Prompt:
Please output exactly the lines from the one containing "Los automóviles eléctricos" through the end of the records below, leaving out any pictures.

Supplied entries:
= = =

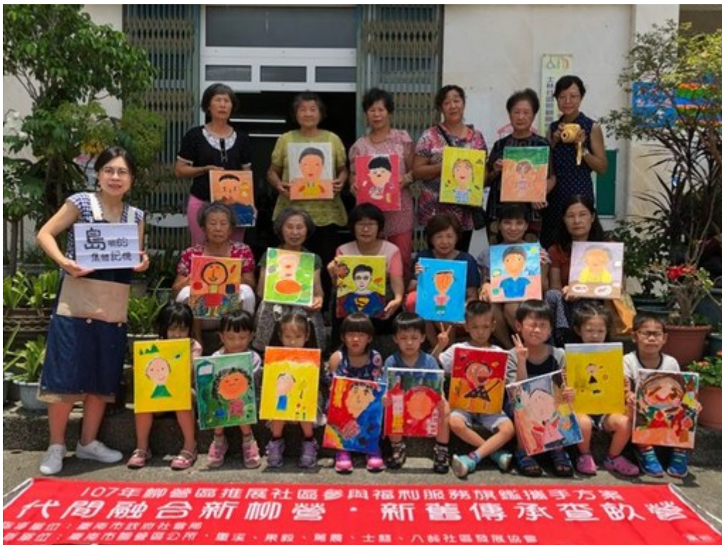
柳營社區培力活動展示小朋友的成果作品。
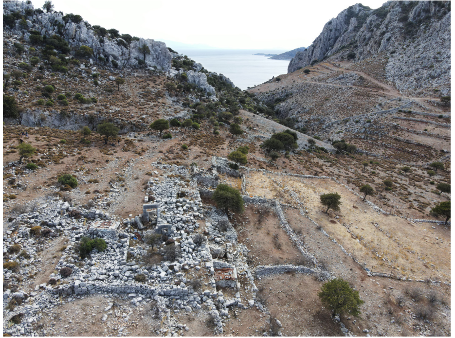
Gedik mevkii.

mezarlar, zeytinyağı işlikleri, bunlarla ilişkili sarnıçlar ve çiftlik yapıları gibi çeşitli nitelikte yeni veriler elde ettik. Bahçekise'de olduğu gibi bu alanda da kuzeyden gelen yolun çatallanarak doğuda Bahçekise - Kırkmermerler, batıda
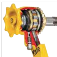
Opcional: Mecanismo de protección contra sobrecargas para D 95 y C/D 85.

¡Desde 1936 se han fabricado en Velbert más de 1 millón de unidades!
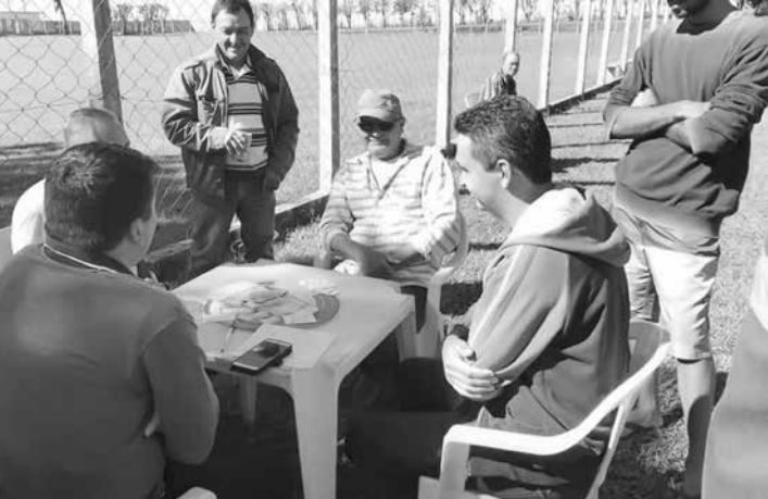
Competição aconteceu no estádio municipal
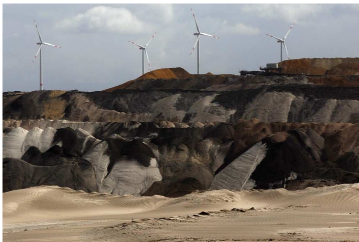
La mine de lignite à ciel ouvert de Garzweiler, près de Cologne, en avril. Au deuxième plan, des éoliennes.

La sortie du nucléaire en 2022 sera forcément l'un des chantiers majeurs du futur gouvernement. Le sujet a donc droit à un groupe de travail spécifique dans les négociations que mènent actuellement l'Union CDU/CSU et le SPD. Côté CDU, c'est Peter Altmaier qui pilote la délégation. Normal, il est ministre de l'environnement. Côté SPD, c'est Hannelore Kraft. Un choix qui est tout sauf neutre.
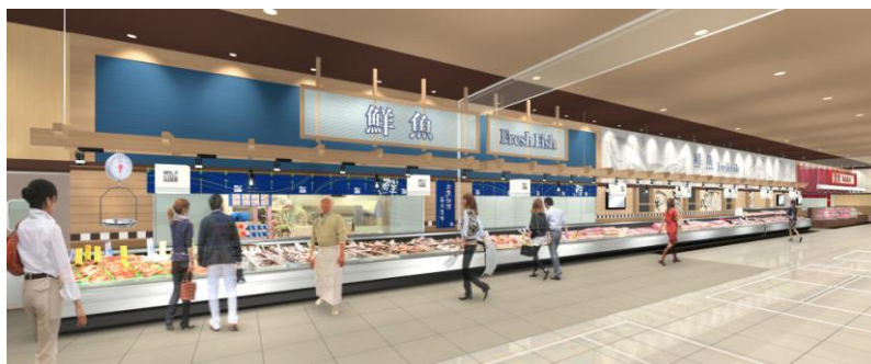
鮮魚売場（イメージ）
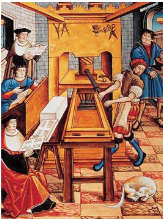
Imprenta alemana del renacimiento
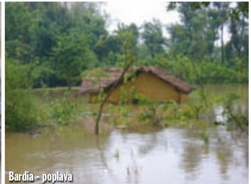
Bardia - poplava
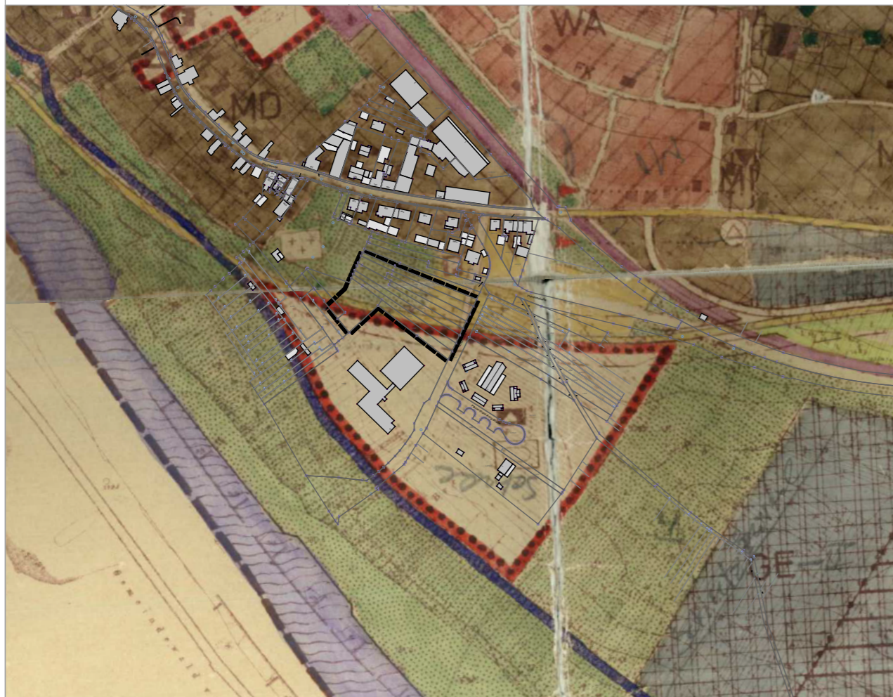
Ausschnitt aus der aktuellen Fassung des FNP mit Kennzeichnung des Geltungsbereichs
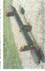
N.2 ELEMENTI BILICO
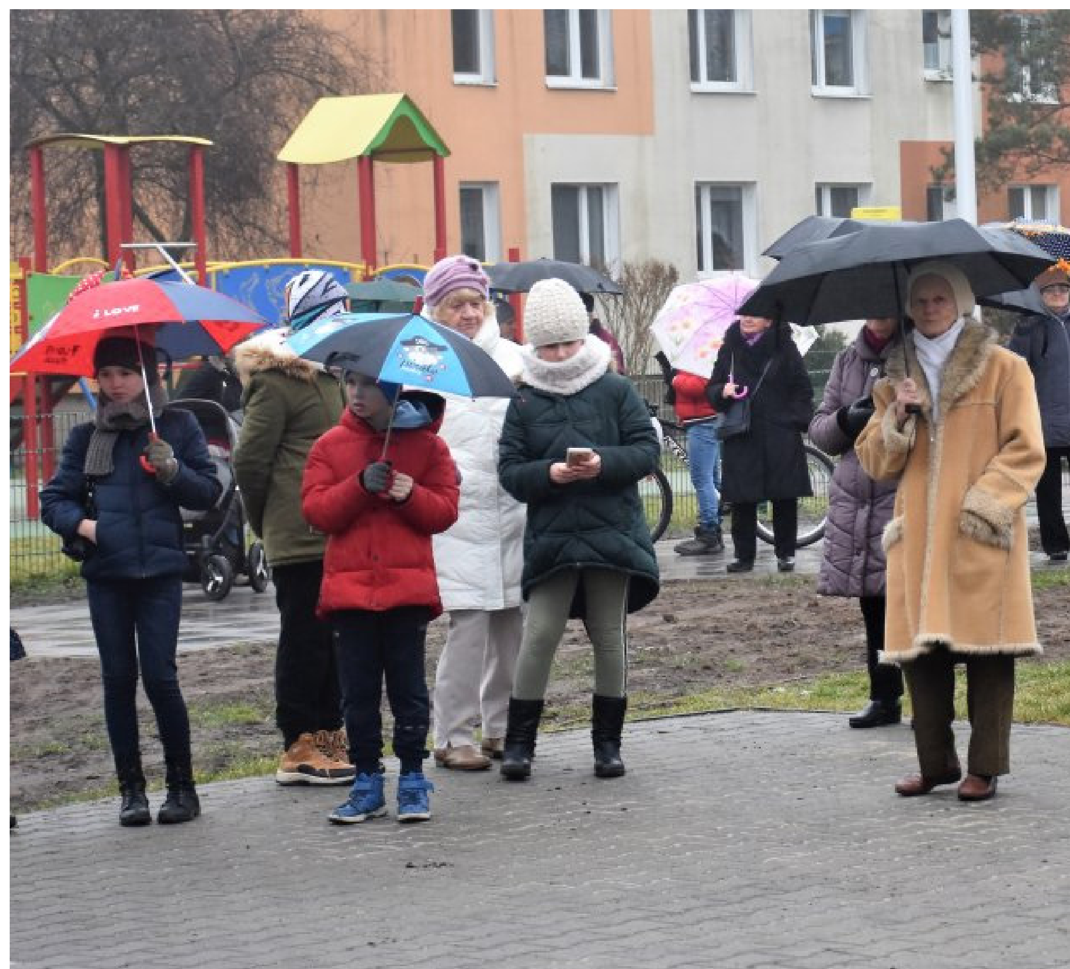
Wspólne kolędowanie Kapeli Góralskiej HORA z mieszkańcami Karczewa
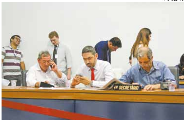
Quase férias - Votações da Câmara devem encerrar hoje com orçamento

A medida foi alvo de críticas do vereador Gutí (PSB). "Não se trata apenas de ade-
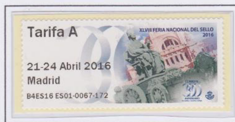
Mod. Cibeles. Tarifa A
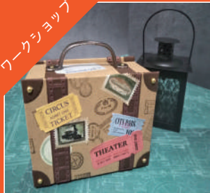
▲トランク型トレジャーBOX
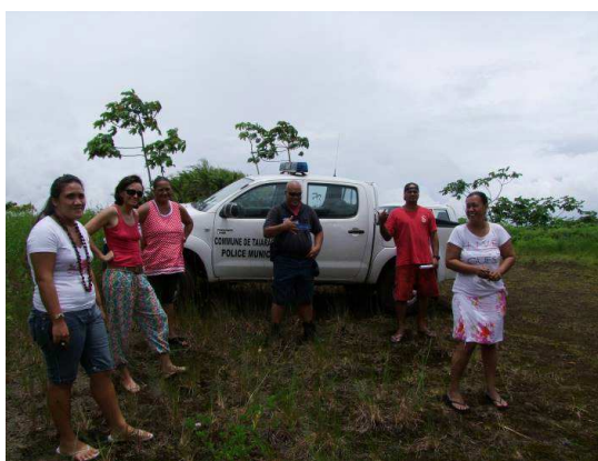
Figure 2: Visite du plateau "Nordoff" le lundi 26 janvier
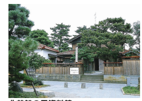
北前船の里資料館
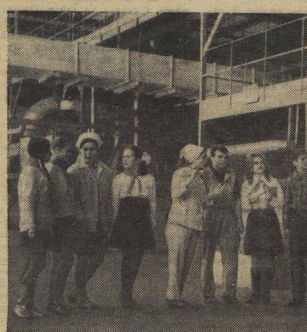
На комбинате синтетического волокна гости.

Напереро, мне, ответственному за «Пионерстрой», надо знать и количество посаженных деревьев, и число клубов. Но как-то не обращаешь на цифры внимания. У нас так: видим место пустое, голое — значит, надо его озеленить, скамейки поставить, мусорницы... Изменилось, похорошело место — вот и «показатель».
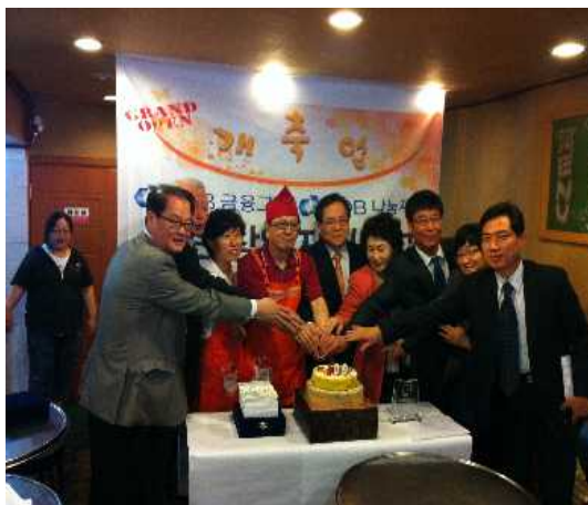
마이크로 크레딧 관련 개업 사진

2011년 KDB산업은행은 저소득층 서민과 개인신용불량자의 자립을 위한 마이크로크레딧 사업지원 용도 등으로 미소금융중앙재단 및 신용회복위원회에 128억원을 기부하였습니다. 또한 KDB나눔재단에 104억원을 출연하였고, 이 재원을 바탕으로 '희망의 디딤돌-기능사 양성사업'과 'KDB창업지원기금' 등의 프로그램을 실시하여 저소득 금융소외계층의 자립을 돕기 위한 지원사업을 활발하게 실시하고 있습니다.
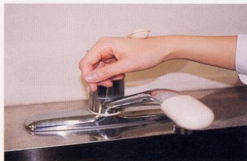
7. 水道の栓を止めるときは、手首か肘で止める。できないときは、ペーパータオルを使用して止める
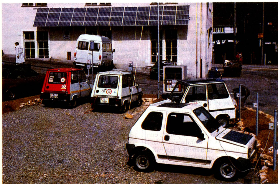
Los automóviles eléctricos cargan «sol» en Liestal.

«Actualmente la situación es casi inversa:
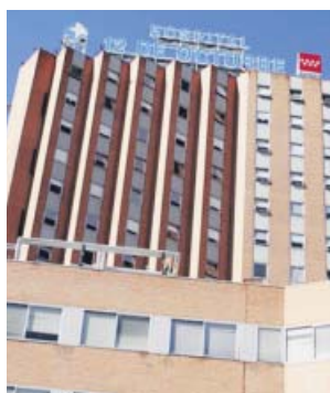
Hospital Universitario 12 de Octubre.

ción de espacios, informó el Gobierno regional. La remodelación, incluida en el Plan de Inversiones de Infraestructuras Sanitarias, durará 12 meses y contará con un presupuesto de 4,3 millones de euros. Este proyecto será llevado a cabo en fases sucesivas y afectará a más de 5.600 metros cuadrados. Las nuevas Urgencias conectarán en un futuro directamente con el nuevo edificio de hospitalización, proyecto actualmente en fase de redacción. ●
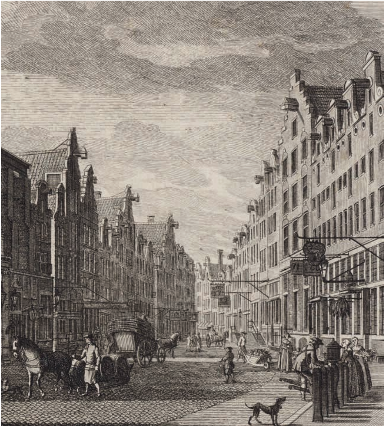
12. De Kalverstraat in de tweede helft van de achttiende eeuw

vergroten van het glasoppervlak, verwijderen van de luifel en opruimen van pothuizen en andere bouwsels waren pogingen dit te bewerkstelligen, en sommige winkeliers vervingen tevens de houten deuren door glasdeuren. Uiteindelijk leidden al deze aanpassingen tot de ontwikkeling van een specifiek op de detailhandel afgestemde onderpui. Afgaande op bouwtekeningen en afbeeldingen kwam deze 'emancipatie' van de winkelpui tot uitdrukking in maximalisering van de hoeveelheid glas en het accentueren van de ingangspartij. Dat laatste gebeurt vaak door het centraal in de gevel plaatsen van de ingang, door toevoeging van architecturale en decoratieve accenten en ook door
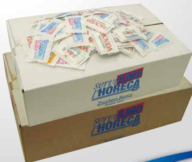
Zucchero Bianco e di Canna

= = =

Task answer:
Los automóviles eléctricos cargan «sol» en Liestal.

«Actualmente la situación es casi inversa:
Hospital Universitario 12 de Octubre.

ción de espacios, informó el Gobierno regional. La remodelación, incluida en el Plan de Inversiones de Infraestructuras Sanitarias, durará 12 meses y contará con un presupuesto de 4,3 millones de euros. Este proyecto será llevado a cabo en fases sucesivas y afectará a más de 5.600 metros cuadrados. Las nuevas Urgencias conectarán en un futuro directamente con el nuevo edificio de hospitalización, proyecto actualmente en fase de redacción. ●
12. De Kalverstraat in de tweede helft van de achttiende eeuw

vergroten van het glasoppervlak, verwijderen van de luifel en opruimen van pothuizen en andere bouwsels waren pogingen dit te bewerkstelligen, en sommige winkeliers vervingen tevens de houten deuren door glasdeuren. Uiteindelijk leidden al deze aanpassingen tot de ontwikkeling van een specifiek op de detailhandel afgestemde onderpui. Afgaande op bouwtekeningen en afbeeldingen kwam deze 'emancipatie' van de winkelpui tot uitdrukking in maximalisering van de hoeveelheid glas en het accentueren van de ingangspartij. Dat laatste gebeurt vaak door het centraal in de gevel plaatsen van de ingang, door toevoeging van architecturale en decoratieve accenten en ook door
Zucchero Bianco e di Canna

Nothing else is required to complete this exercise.